Hikari drifted over, lowered her voice until it fit under their breaths. "You’ll keep it" she said. "The yes."


"Obviously" he said, and for once it wasn’t a joke. It was a receipt.


"Again" the old woman called. "Different circle. New humiliation."


They failed better. Arashi stopped flirting with pretty things and made current like a grown-up. Feris kept her mouth shut and her pulse behaved - she looked personally offended that humming had not been necessary. Raizen made nothing on purpose for his second and third sets. He held the absence like a tool. The old woman saw and did not comment. Kori saw and commented only with a very small nod he wasn’t supposed to notice.


On dismissal, the old woman planted her staff and the glow bled out of the plates. "No one died" she said. "Annoying, but acceptable. Eat. Please don’t practice in the hallway. You won’t attempt romance with a wall."


Kori slid off her pillar and drifted toward the door as the room exhaled students into the corridor. As Raizen passed, she touched a knuckle to the back of his arm - nothing to see here, keep moving. "Dawn is yours" she murmured. "My name is on the schedule. Try not to make me regret the political capital I spent bullying an old woman I respect."


"I won’t."


"Liar" she said, fond as gravity. "But you’ll try. That’s the thing with you."


They pretended lunch was food. Esen did commentary on the taste profile of disappointment. Hikari hid a packet of salt in Raizen’s pocket like a conspiracy against cramps. Keahi sat on the edge of a planter and said nothing for a while, then told him quietly about her grandmother’s blade and the way the flame had felt like a voice that had been waiting to be hers. Afternoon class returned them to the hall that had already survived them. The old woman split them to opposite corners and made them do nothing at all for twenty minutes - breathe, hold, stop wanting. It was hateful. It worked. By the end, Raizen’s hands had quieted to a clean fatigue and the yes in his chest had stopped raising its hand at every question.


"Enough" the old woman said, which always meant the day had gone well enough to hate tomorrow less.


As they filtered out, Raizen let his knuckles brush the twin’s guard in thanks he didn’t say. The blade didn’t hum - not here. But in his palm the morning’s seam lived like a secret he would keep correctly.

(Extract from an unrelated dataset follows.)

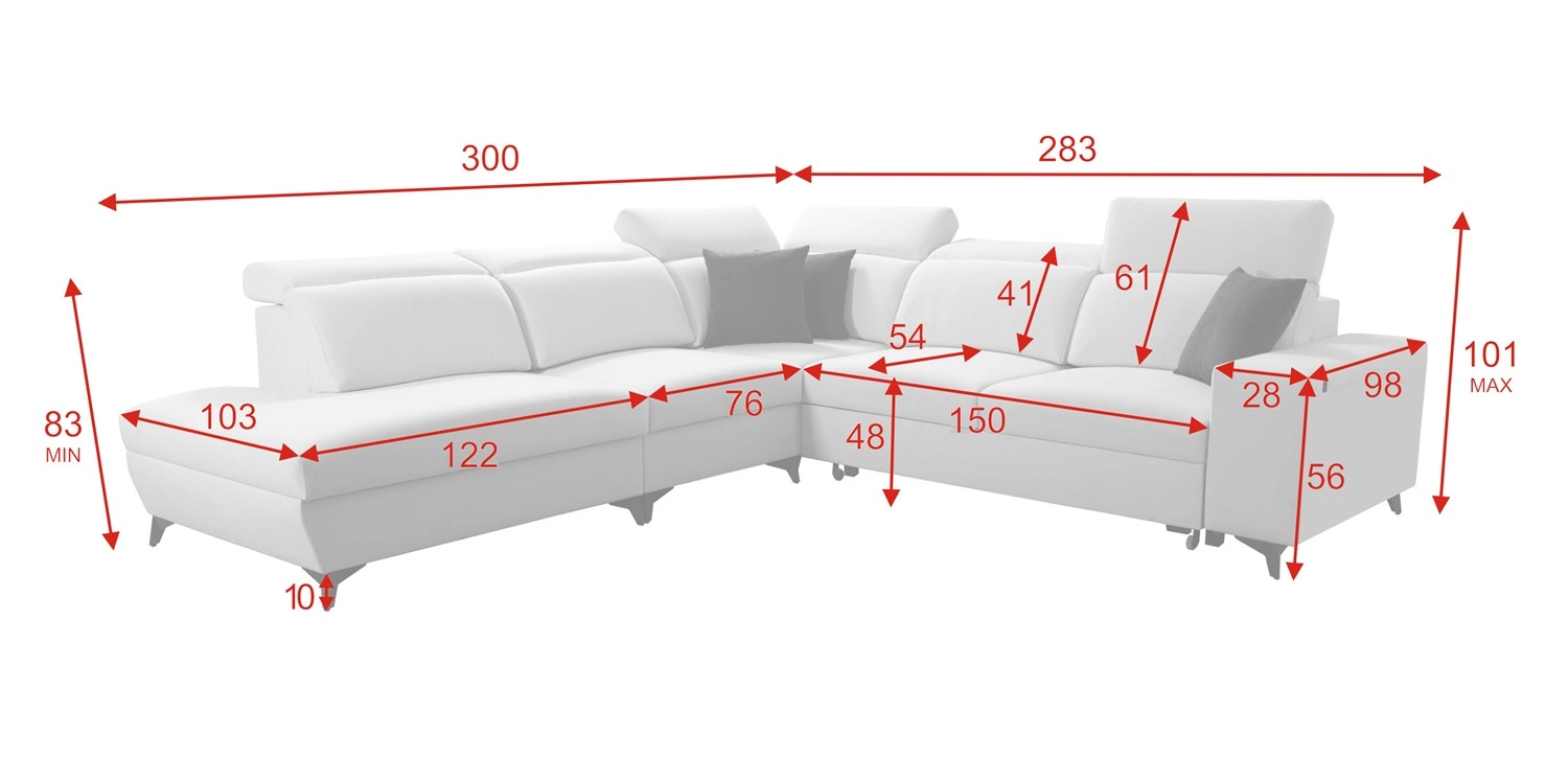 Wymiary mebla pozwolą na zapełnienie przestrzeni w przestronnym salonie lub pokoju dziennym. Szerokość narożnika 283 cm, wysokość maksymalna 101 cm oraz głębokość 300 cm. Powierzchnia spania narożnika wynosi 122x202 cm. Wysokość siedziska mebla to 48 cm a maksymalna wysokość oparcia wynosi 61 cm. Sprężyny faliste oraz pianka poliuretanowa T30 to materiał, z którego wykonane zostało siedzisko narożnika. Oparcie stałe z regulowanymi zagłówkami daje gwarancję wygodnego wypoczynku po długim dniu, które docenisz Ty, Twoi bliscy a także goście, którzy zasiądą na tym wyjątkowym narożniku.

At the threshold, a first-year with ink on her fingers blocked his path by accident, realized what she’d done, and tried to apologize with her whole body. "S-sorry, I just wanted to say - the way you stopped in the circle, how you didn’t go loud, it was - I mean I thought it had to be loud."


"It doesn’t" he said. "Loud breaks plates."

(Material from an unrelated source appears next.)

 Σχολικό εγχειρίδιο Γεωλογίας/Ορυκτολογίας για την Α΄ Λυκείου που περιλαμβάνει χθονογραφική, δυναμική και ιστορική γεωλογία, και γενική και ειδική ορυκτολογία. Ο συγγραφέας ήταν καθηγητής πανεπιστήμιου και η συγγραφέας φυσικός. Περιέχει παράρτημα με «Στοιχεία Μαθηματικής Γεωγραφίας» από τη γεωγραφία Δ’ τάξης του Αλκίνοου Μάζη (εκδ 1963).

She blinked, then smiled like she’d been given permission to be the kind of person she already was. "Thank you" she said, and vanished into the current of uniforms.

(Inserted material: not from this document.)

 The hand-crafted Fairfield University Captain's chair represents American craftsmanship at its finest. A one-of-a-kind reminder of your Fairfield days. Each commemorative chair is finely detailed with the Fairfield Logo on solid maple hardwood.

Kori materialized at his shoulder without materializing at all and angled her head toward the far windows. "Don’t look up" she said, which of course made him want to. "Second-years have eyes. Let them get bored thinking you’re boring."


"I’m very boring" he said.


"Lie better" she said. "Come on, you can control your dash and Eon in two days, but you can’t even properly lie?"


The Academy got louder around them - papers, footsteps, someone very earnestly arguing about trap ethics and being very earnestly wrong. The eight stringed themselves across the passage in the easy formation of people who were learning to carry each other without carrying each other’s weight. Kori peeled off to bully a faculty slate. The old woman wrote something on her board that would frighten chalk for a week. The walls went on being patient.


That night Raizen wrapped the right wrist the way Kori had shown him and didn’t try to be a comet with a kitchen knife. He stretched, he ate, he slept like a person who had decided to be a coward about the right things. The yes in his chest sat down by the door like a well-trained dog.


Before dawn, he would be back in the hall. Not for applause. Not for spectacle. To make a line where a line wasn’t, and to ask a room that didn’t love anyone to keep saying yes.